My perspective broadened, and my situation stopped appearing so black and white.  I remembered I’m a survivor;  Of course, I can handle whatever PTSD throws at me.  It’s sometimes painful, I’m rarely well rested, I startle like the calls are coming from inside the house, and I can’t watch anything with suspense or would frighten a five-year-old.  Additionally, July 1-July 10th, I have to wear noise canceling headphones all day, and earplugs all night.  I used to love fireworks.  Now they’re torture.

It’s also best for me to get out of town when the airshow is going on.  I was in Air Defense Artillery for the first five years of my service.  Nothing moves in the sky when I’m outside without my noticing (and identifying it as friend or foe.)  Probably for the rest of my life.  I used to participate in wargames at 29 Palms, California.  It’s basically the most incredible game of laser tag on earth, (tracked vehicles, copters, aircraft, huge teams,etc.)  While it’s easily in the top five most exciting things I’ve ever done, it also scared the shit out of me several times.  Let’s just say showoff pilots who do flybys of ground troops who are under camo are assholes of enormous proportion.

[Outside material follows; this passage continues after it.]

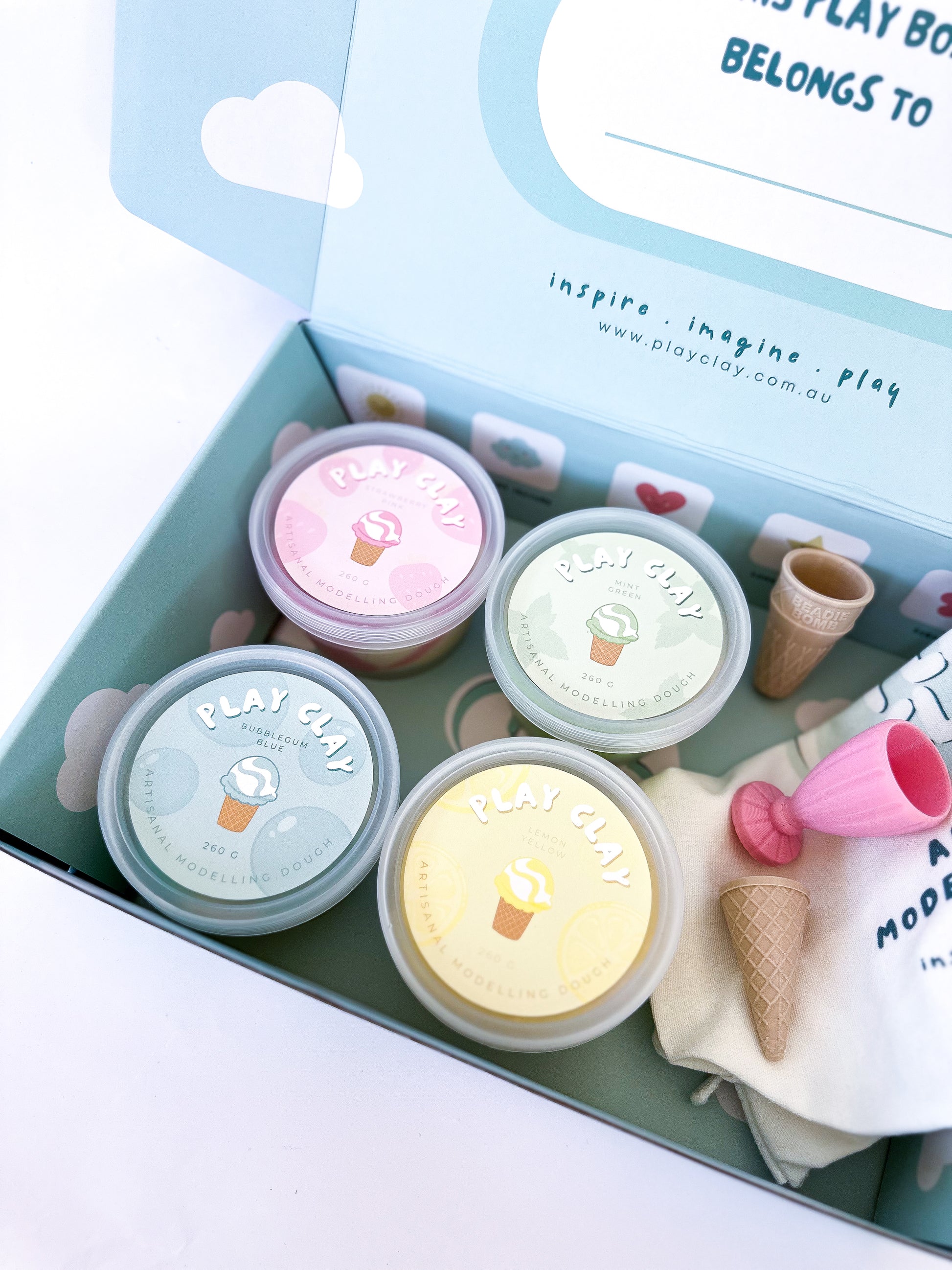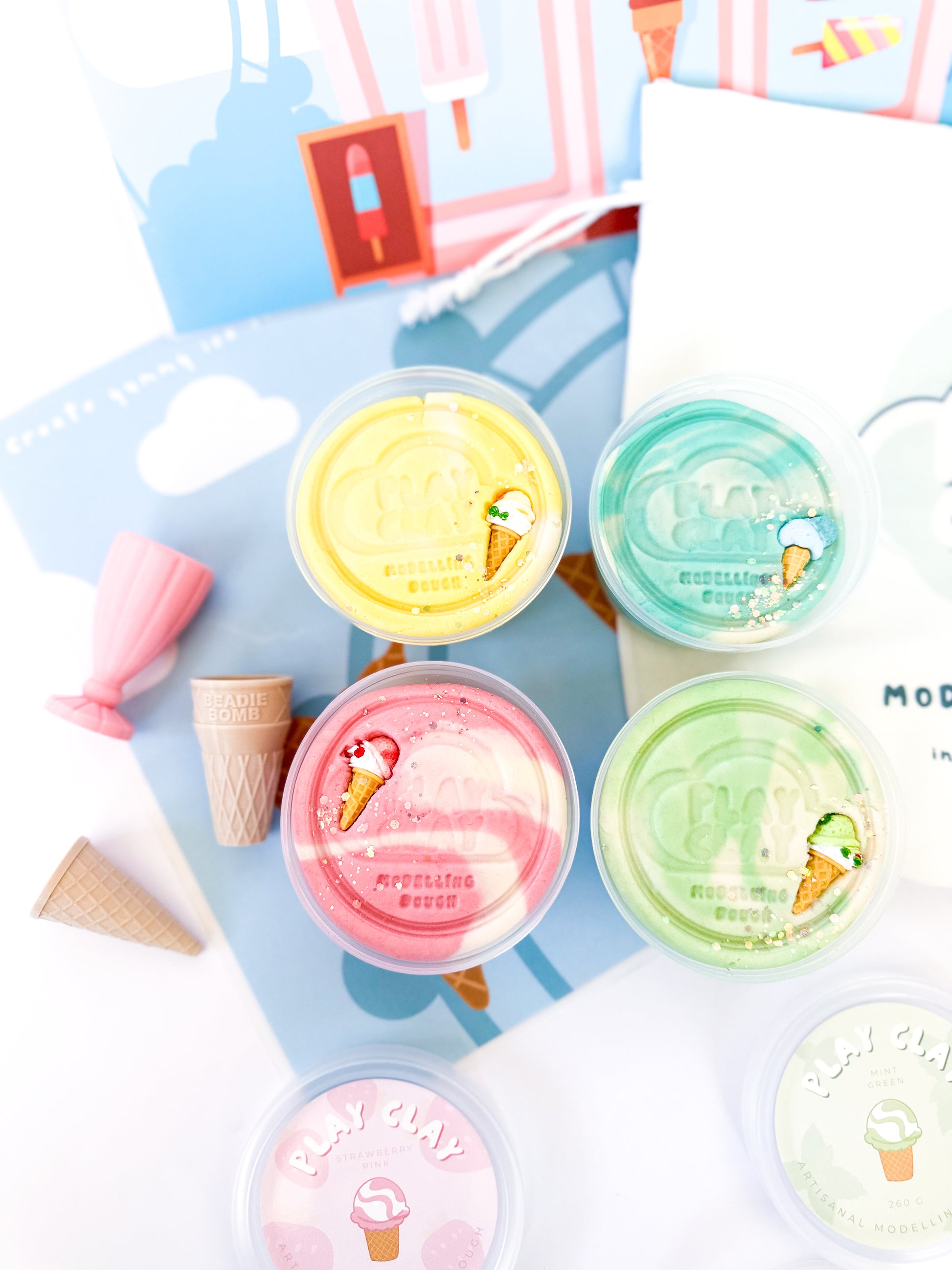The ultimate Gelato playdough kit that includes four large playdough tubs (260g) and three beautiful Beadie Bug 3D printed cones to create an imaginative gelateria. Customize your kit further by adding additional Beadie Bug items or a rolling pin to your playdough kit.
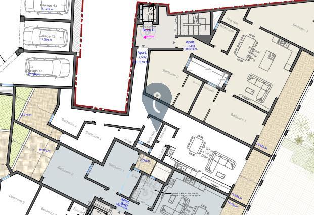 First-floor apartment comprising an open plan kitchen/dining/living room, two bedrooms, two bathrooms, box room, a front terrace and a back yard. Being offered in semi-finished state (including external apertures, front door, tiling of yard and water tank and other finishings) with finished common parts, lift, swimming pool and gardens included in the price. Freehold. Optional garages at ground and basement levels. Finishing packages on request.

I know what’s coming, and part of me wants to curl up in a ball and cry.  Sigh.  Instead, I’m going to dig deep and find what I need to get through, even if it’s by the skin of my teeth.  (Who thinks of these?)  I have my Wanda Syke’s: I’ma Be Me DVD if things get too bad.  I’m going swimming with some neighbors soon.  They’re Muslim and wear suits that are quite modest.  They gave me one when I asked where to get them.  I have super nice neighbors.  I have it on now, and I like it.  It’s too humid to run outside, which sucks.  But swimming is better for me anyway.  I’m off to focus on fun like there’s a prize.